TASK DETAILS:
Reproduce, word for word, the lines in the material below starting with the one that has "提示词:不要称呼前奏,直接进入文案内容。" and going on through the one that has "أداة أساسية في". Leave out all pictures.

SUPPLIED INFORMATION:
----------
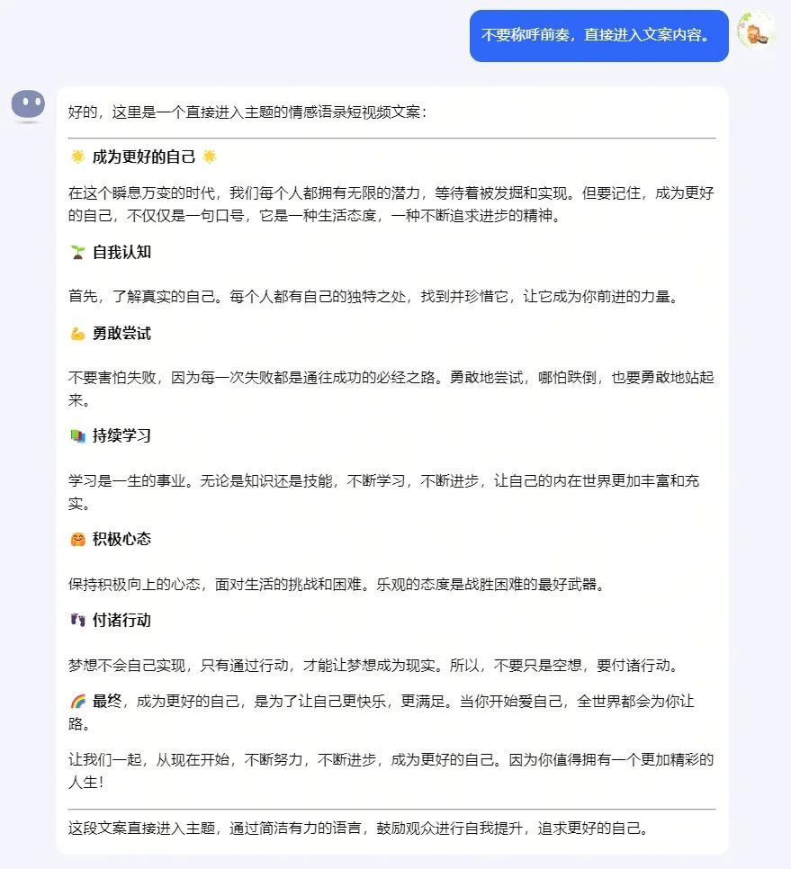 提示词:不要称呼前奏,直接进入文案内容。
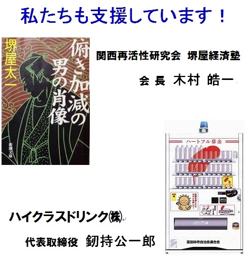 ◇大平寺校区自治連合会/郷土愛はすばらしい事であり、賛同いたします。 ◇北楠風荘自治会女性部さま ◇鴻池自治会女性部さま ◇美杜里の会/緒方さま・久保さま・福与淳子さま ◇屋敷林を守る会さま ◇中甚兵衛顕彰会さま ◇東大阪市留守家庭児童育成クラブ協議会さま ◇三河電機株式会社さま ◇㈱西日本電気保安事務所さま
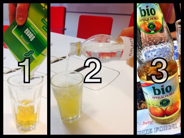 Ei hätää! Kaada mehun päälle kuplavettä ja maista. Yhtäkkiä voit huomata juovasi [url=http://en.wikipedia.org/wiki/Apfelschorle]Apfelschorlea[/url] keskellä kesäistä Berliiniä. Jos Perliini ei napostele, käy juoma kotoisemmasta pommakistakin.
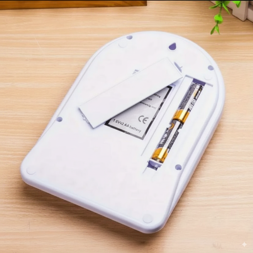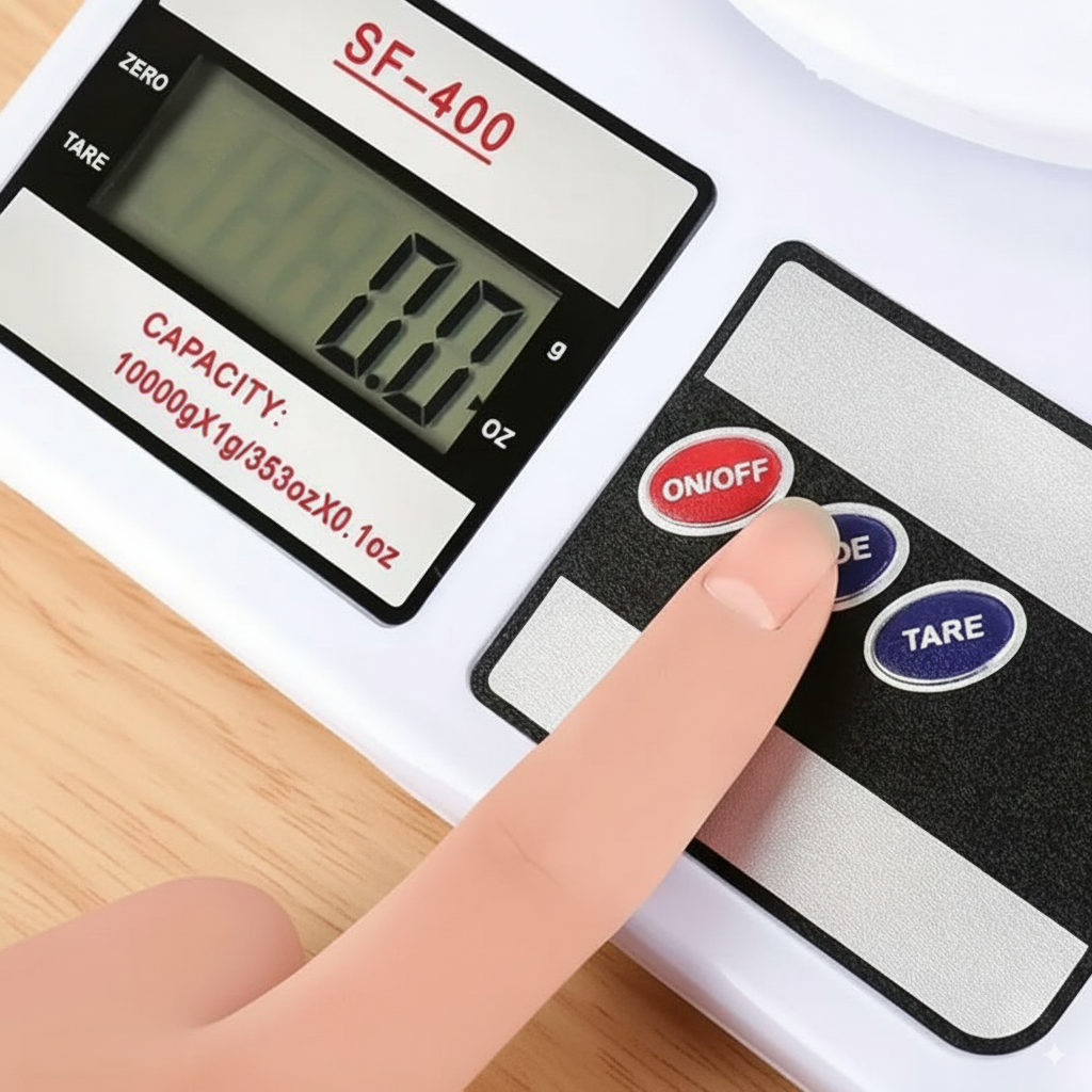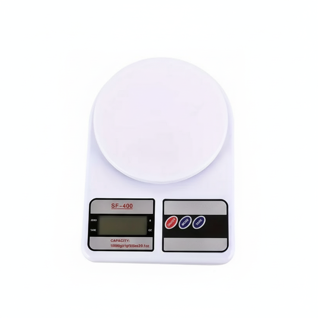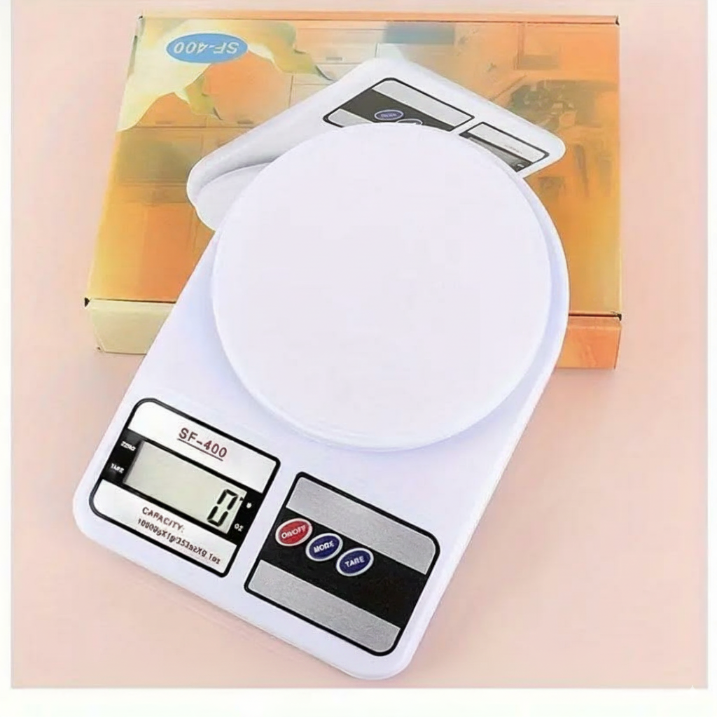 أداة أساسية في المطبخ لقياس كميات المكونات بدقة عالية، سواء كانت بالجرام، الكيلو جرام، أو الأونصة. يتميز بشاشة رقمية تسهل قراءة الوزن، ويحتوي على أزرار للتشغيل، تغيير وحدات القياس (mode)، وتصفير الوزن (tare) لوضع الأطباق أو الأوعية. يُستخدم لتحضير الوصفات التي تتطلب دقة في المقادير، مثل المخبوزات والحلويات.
----------
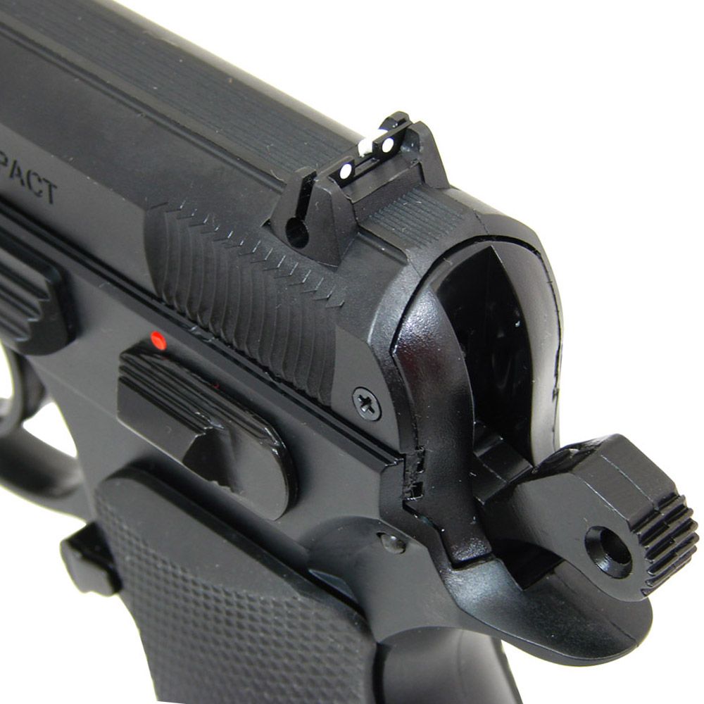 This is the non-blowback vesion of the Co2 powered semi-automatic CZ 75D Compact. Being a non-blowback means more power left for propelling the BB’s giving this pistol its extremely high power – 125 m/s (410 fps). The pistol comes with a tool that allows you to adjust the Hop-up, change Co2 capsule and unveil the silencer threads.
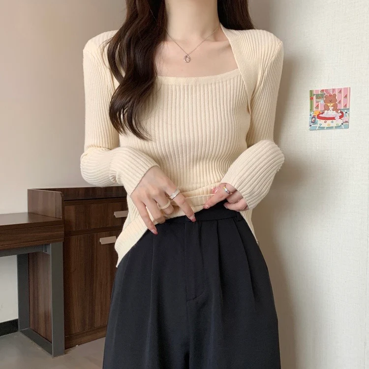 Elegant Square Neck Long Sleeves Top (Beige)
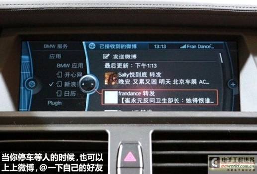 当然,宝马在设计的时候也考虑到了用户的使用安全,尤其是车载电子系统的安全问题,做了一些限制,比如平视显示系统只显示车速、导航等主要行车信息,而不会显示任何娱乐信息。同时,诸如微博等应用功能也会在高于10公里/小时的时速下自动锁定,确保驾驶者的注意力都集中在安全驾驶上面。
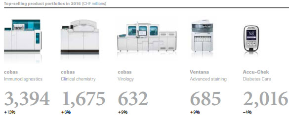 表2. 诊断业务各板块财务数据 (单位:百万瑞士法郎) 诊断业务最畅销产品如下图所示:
----------
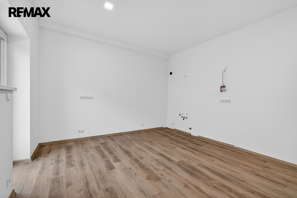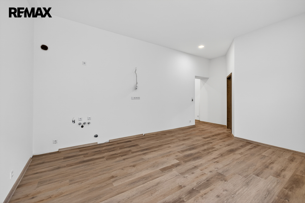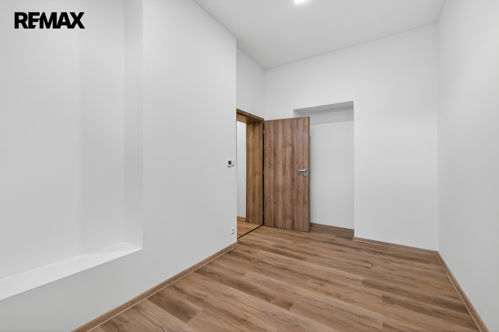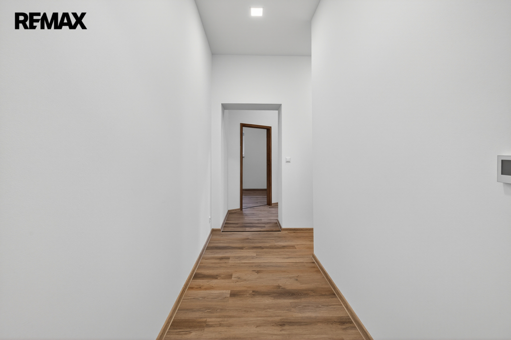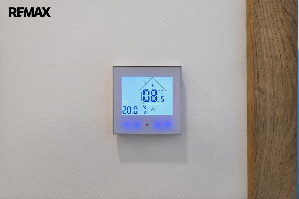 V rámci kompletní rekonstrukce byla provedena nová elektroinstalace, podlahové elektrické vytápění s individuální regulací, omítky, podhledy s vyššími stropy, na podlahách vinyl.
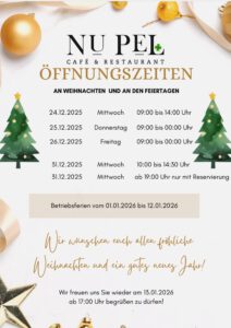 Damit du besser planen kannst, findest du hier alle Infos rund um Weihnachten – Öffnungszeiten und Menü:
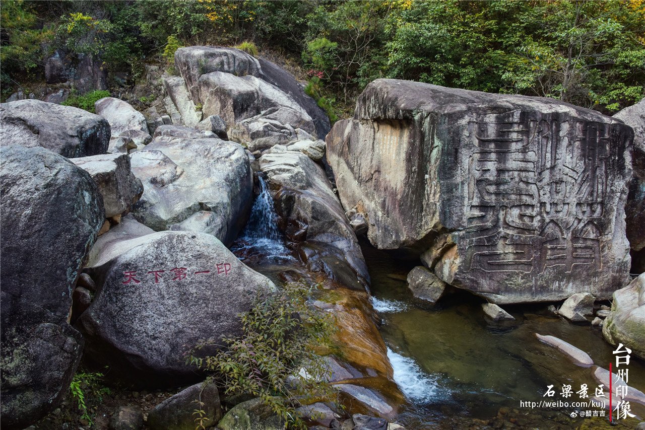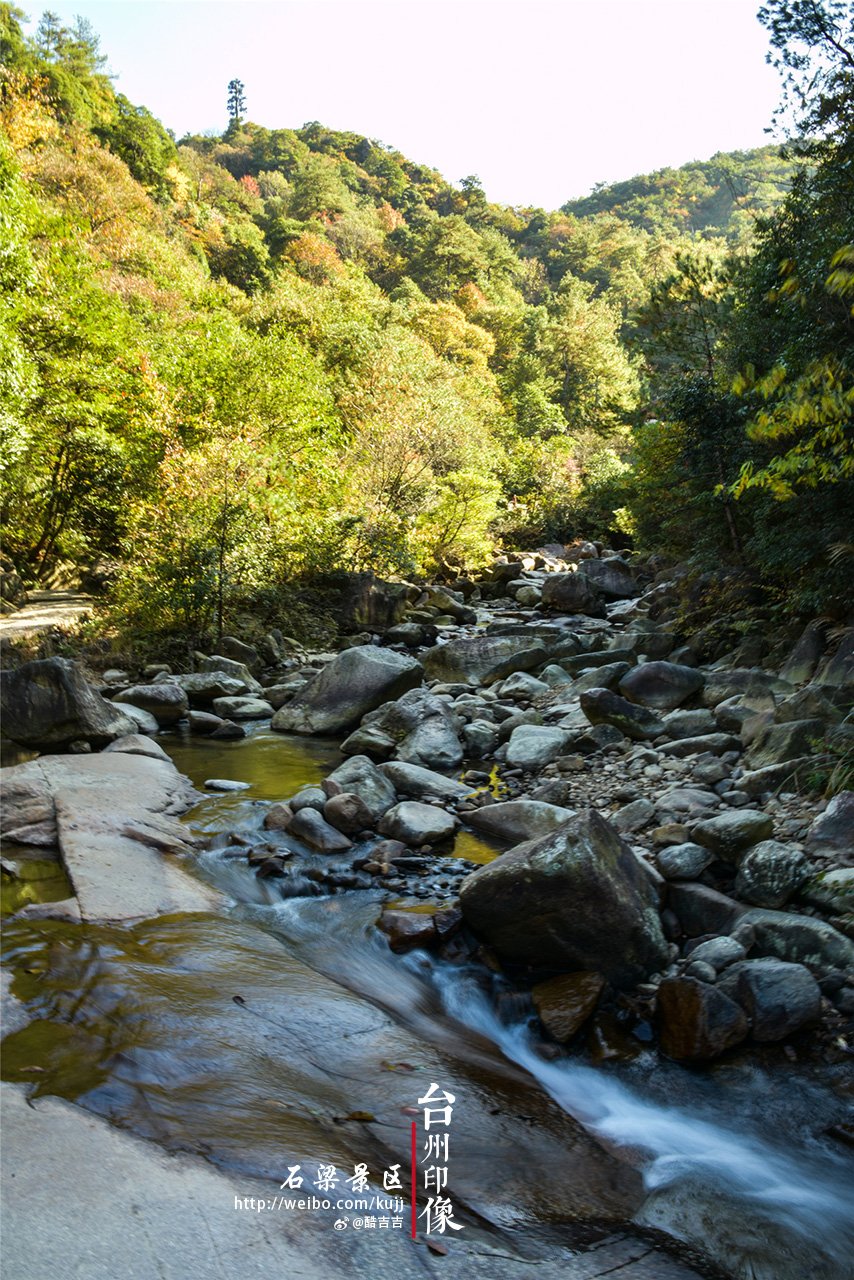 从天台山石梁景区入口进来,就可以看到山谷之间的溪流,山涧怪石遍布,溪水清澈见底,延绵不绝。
----------
COMPLETED TASK:
 提示词:不要称呼前奏,直接进入文案内容。
 ◇大平寺校区自治連合会/郷土愛はすばらしい事であり、賛同いたします。 ◇北楠風荘自治会女性部さま ◇鴻池自治会女性部さま ◇美杜里の会/緒方さま・久保さま・福与淳子さま ◇屋敷林を守る会さま ◇中甚兵衛顕彰会さま ◇東大阪市留守家庭児童育成クラブ協議会さま ◇三河電機株式会社さま ◇㈱西日本電気保安事務所さま
 Ei hätää! Kaada mehun päälle kuplavettä ja maista. Yhtäkkiä voit huomata juovasi [url=http://en.wikipedia.org/wiki/Apfelschorle]Apfelschorlea[/url] keskellä kesäistä Berliiniä. Jos Perliini ei napostele, käy juoma kotoisemmasta pommakistakin.
 أداة أساسية في المطبخ لقياس كميات المكونات بدقة عالية، سواء كانت بالجرام، الكيلو جرام، أو الأونصة. يتميز بشاشة رقمية تسهل قراءة الوزن، ويحتوي على أزرار للتشغيل، تغيير وحدات القياس (mode)، وتصفير الوزن (tare) لوضع الأطباق أو الأوعية. يُستخدم لتحضير الوصفات التي تتطلب دقة في المقادير، مثل المخبوزات والحلويات.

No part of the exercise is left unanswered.